There are two branches of Jiro. The main one, at Ginza, is run by the famous Chef Jiro Ono, while the other, in Roppongi, is run by his son, Takashi, a Michelin 2-star sushi chef. I had the rare chance of visiting them both on consecutive days and I have already written about my experience at the main branch. As you might expect, there are similarities between the two. Both reserves the right to refuse late arrivals, so I again arrived more than half an hour early just in case, and both are tiny places, counter seats for 8 diners.
GOOD SUSHI? Absolutely! Extremely fresh fish, light acidity to the warm rice, and each piece was perfectly made.
But while there are some similarities, there are also many differences. For example, though both establishments claim to source fish from the same place each day, they actually serve several different types of fish, and the source of the sea urchin is also different.

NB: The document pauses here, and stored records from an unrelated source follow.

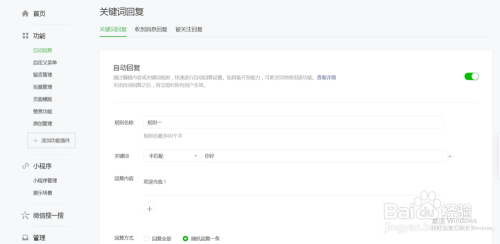 点击第一个“关头词答复”,我们可以设置一些关头词,当接收到的用户动静中包含有设置的关头词时就会主动答复对应的动静。如下图所示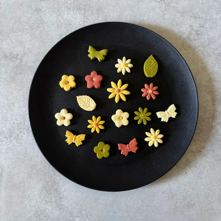 □米粉とさつまいもの花びらクッキー(犬の無添加おやつ) 色鮮やかな花びらを形をしたかわいい米粉クッキーです。 大事な愛犬との時間をもっと長く、そしてもっと楽しく。 各種クッキーの色付けに関しては、野菜パウダーを練りこんでいます。 (ビーツ、ほうれん草、かぼちゃ、おから) 犬のおやつとしてはもちろんのこと、プレゼントにも最適です。 ※小麦、卵、バター、砂糖、人工着色料は一切使用しておりません。 ※ペットの「食」の専門家であるペットフーディストが一つずつ丁寧に手作りしています。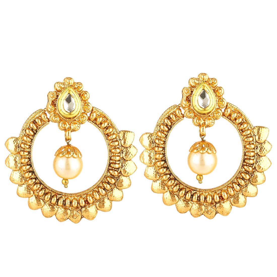 Yellow Chimes Stylish Fancy Traditional Kundan Jadau Chandbali Earrings for Women and Girls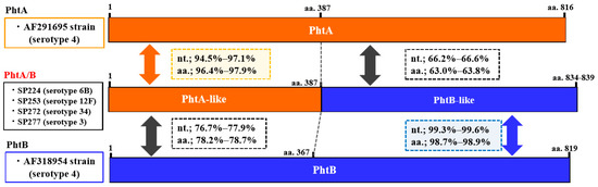 Genetic structure of the phtA/B (fusion type of phtA and phtB) gene identified in the present study and phtA and phtB in reference strains (GenBank Accession Nos. AF291695 and AF318954, respectively). The serotype of each isolate is indicated in parentheses. The phtA/phtA-like and phtB/phtB-like sequences are shown in orange and blue, respectively. Nucleotide (nt.) and amino acid (aa.) sequence identities of phtA-like and phtB-like regions of phtA/B gene with those of phtA and phtB genes are shown in squares with dotted lines.

The superb quality of the sushi served at Jiro Roppongi was evident from the very first dish, which was flounder – the moistness of the flesh was is a clear indication of its freshness. This was followed by squid which coincidentally was also my second sushi dish the night before at Jiro. And what a contrast! It was night and day. While it was tough and dry at Jiro’s, here it was soft and creamy! And this same theme continued throughout the whole meal. . . akame, chi-toro, clam, and tiger prawn where each bite was more enjoyable! In particular, the explosion of flavours from the prawn head was simply exquisite! What’s more, I found the rice itself much more enjoyable here, where the heavy use of vinegar had made me consider finishing my meal at Jiro’s.
But it wasn’t just the fish and rice that impressed me – the preparation of all ingredients was simply perfect. The gizzard shad had been marinated to give a delicately savoury feel, while the salmon roe had been bathed in fish stock to reduce its saltiness, leaving an elegant salmon aftertaste without being unpleasantly fishy. Then, the chef showcased a whole smoked bonito, which he sliced into pieces for our sushi. Every bite was so delightful that, by half-way through my meal, I had got the distinct impression that I had been ripped off the night before at his father’s shop!
OVERALL EXPERIENCE COMPARED TO JIRO? Easier to book, friendlier service, much better quality sushi. Oh, and for half the price!
The sushi here was so satisfying that we were all happy to pay for more (compare this with Jiro, where I’d been happy to have ended the meal early!). In fact, I ordered an extra three bites – flounder fin, geoduck clam and o-toro! I closed my eyes to bask fully in the heavenly flavours and textures of these rare examples of perfect sushi. At the same time, I reminded myself that the Michelin again is not that reliable in Japan. I’m not all that surprised that Michelin was under pressure to hand out 3-stars to Chef Jiro Ono, as he’s the oldest – and certainly one of the most respected – sushi chefs in Japan. As I mentioned in my review of Jiro, I’m not convinced that sushi, in general, should be Michelin star-rated, but if I had to give stars based on the sushi alone, Jiro Roppongi would be 3-star versus a single star for his father’s place at Ginza!
As to service, Takashi was not merely very friendly, he’s willing and able to have chats with diners, as he speaks some English. He even poured our tea and give us his business card at the end. Also, in contrast to his father’s establishment where photos are forbidden, Takashi was perfectly happy to allow photos of his food, and pose with guests for souvenir snaps. Basically, the whole thing was a fantastic experience! After visiting many high-end restaurants in Japan, and more than 100 Michelin 3-star places, I can only say that this place is a true bargain for such high quality sushi.